Finding patterns and a place of their own

Dirk Müller-Remus’ IT consultants recognise structures faster than others, but they still often fall through the grid in the everyday working world. Not at Auticon: here autistic people can realise their potential

IT-Consultant Marko Riegel Photo: Björn Wiedenroth / auticon

Outside, traffic is pushing down Hardenbergstrasse, from Ernst-Reuter-Platz towards Zoo. Even though there’s only a slight hiss from the cars, Dirk Müller-Remus closes the windows. He aims to reduce sensory input to a minimum in the office, because he knows that his employees perceive things differently. He has learned to avoid subjunctives when he speaks and conveys his intentions very directly.

These are small details that reveal that Auticon is a special company. The people who work here have extraordinary expertise, but might struggle when it comes to social conventions or ironic winks of the eye - they are on the autism spectrum.

Auticon employees might test highly complex systems, analyse codes, or clean up large quantities of data for external client organisations. Meanwhile, job coaches provide them with support in their day-to-day communication. ‘People on the autism spectrum bring particular qualities to clients. They are highly focused and take an original approach to problem solving,’ says Müller-Remus, adding: ‘You might not notice it at first glance.’

In the case of his own son, it took 14 years for Asperger syndrome to be diagnosed. The Managing Director turns serious: ‘We had to come to terms with our own child needing a lot of support in his everyday life.’ Then Müller-Remus had a key experience, visiting a self-help group for people on the spectrum and their relatives. There were 20 adults, sharing one dilemma: on the one hand they were creative and talented, and on the other hand disorganised and feeling overwhelmed. ‘They all had one thing in common – they were unemployed.’

At that point Müller-Remus became angry – about this injustice, angry about the future of his own child. He then decided to create an occupational environment that could facilitate this autism-specific potential. The idea for ‘Auticon’ was born, and the economics graduate and software developer changed careers.

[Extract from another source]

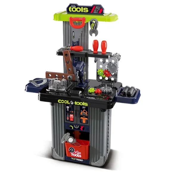 Setul de unelte pentru copii nu este doar o jucărie, ci un adevărat constructor pentru micii meșteșugari. Cazul compact se transformă ușor într-un banc de lucru, iar dacă îl desfaci, obții o masă convenabilă cu rafturi pentru piese. În interior se află un arsenal pentru creativitate: fierăstrău pentru tăierea lemnului imaginar, set de șurubelnițe pentru asamblarea mecanismelor, cheie pentru fixarea șuruburilor și piulițelor, roți dințate, șuruburi și alte unelte. Geanta se închide cu cleme sigure, poate fi pusă în rucsac și nu ocupă mult spațiu în cameră.

Today, Auticon employs 34 consultants on the autism spectrum at six different locations across Germany. Having started in City West, Auticon now runs branches in Frankfurt, Dusseldorf, Stuttgart, Munich and Hamburg, and also set sights on London. In these densely populated areas, Müller-Remus connects the data flux of our time with the exceptional ability of his employees in a meaningful way. Their ability to recognise hidden structures and patterns allows them to optimise processes quickly and efficiently. He summarises: ‘I’m not saying that they’re better software developers. But their contribution significantly improves teams.’